2 控訴人は、従前、係争各年分の呉服の販売に係る収入金額を矢代仁及びよ志だからの呉服の仕入金額に呉服売売業者の平均差益率を適用して推計していたが、被控訴人が右二社の外にイチイ工芸株式会社(イチイ工芸と略称する)からも呉服を仕入れていた事実を新たに確認し得たので、係争各年分の呉服の販売に係る収入金額及びその売上原価を次のとおり訂正する。
(一) 昭和四八年分につき 一九五万八五三二円
これは、原審主張の矢代仁からの仕入金額六二万四一〇〇円にイチイ工芸からの呉服の仕入金額八〇万七〇〇〇円を加えた売上原価一四三万一一〇〇円に平均差益率二六・九三パーセントを適用して算定したものである。

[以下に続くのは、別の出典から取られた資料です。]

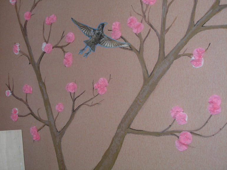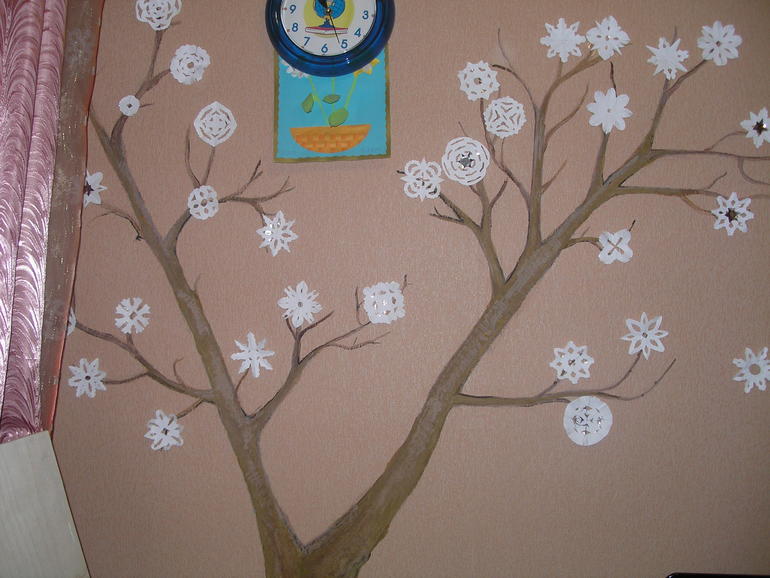 Подскажите на булавках держатся листья, цветы и снежинки? Дерево нарисовано на обоях или я ошибаюсь?

143万1100円÷(1-0.2693)=195万8532円
よって、原判決六枚目表五行目の「八五万四一一二円」を「一九五万八五三二円」と改め、それに伴い、同二行目の総収入金額「二〇五七万二六二二円」を「二一六七万七〇四二円」と改める。
(二) 昭和四九年分につき 一〇〇万五六二七円
これは、原審主張の矢代仁及びよ志だからの仕入金額七〇万〇八〇〇円にイチイ工芸からの呉服の仕入金額一万四〇〇〇円を加えた売上原価七一万四八〇〇円に平均差益率二八・九二パーセントを適用して算定したものである。
71万4800円÷(1-0.2892)=100万5627円
よって、原判決七枚目表七行目の「九八万五九三一円」を「一〇〇万五六二七円」と改め、それに伴い、同四行目の総収入金額「一二七〇万一六七二円」を「一二七二万一三六七円」と改める。
3 右の総収入金額の訂正に伴ない、昭和四八年分の総所得金額を次のとおり訂正する。
(一) 原判決六枚目裏一行目から九行目まで全文を次のとおり改める。
イ 減価償却費を除いた必要経費一四三八万七〇五三円
被控訴人の昭和四九年分の総収入金額は後記のとおり一二七二万一三六七円であり、同年分の減価償却費を除いた必要経費は八四四万二八九七円であるから、総収入金額に対する右減価償却費を除いた必要経費の割合は、六六・三七パーセントとなる。そこで、これを昭和四八年分について適用してその金額を求めると頭初記載の金額となる。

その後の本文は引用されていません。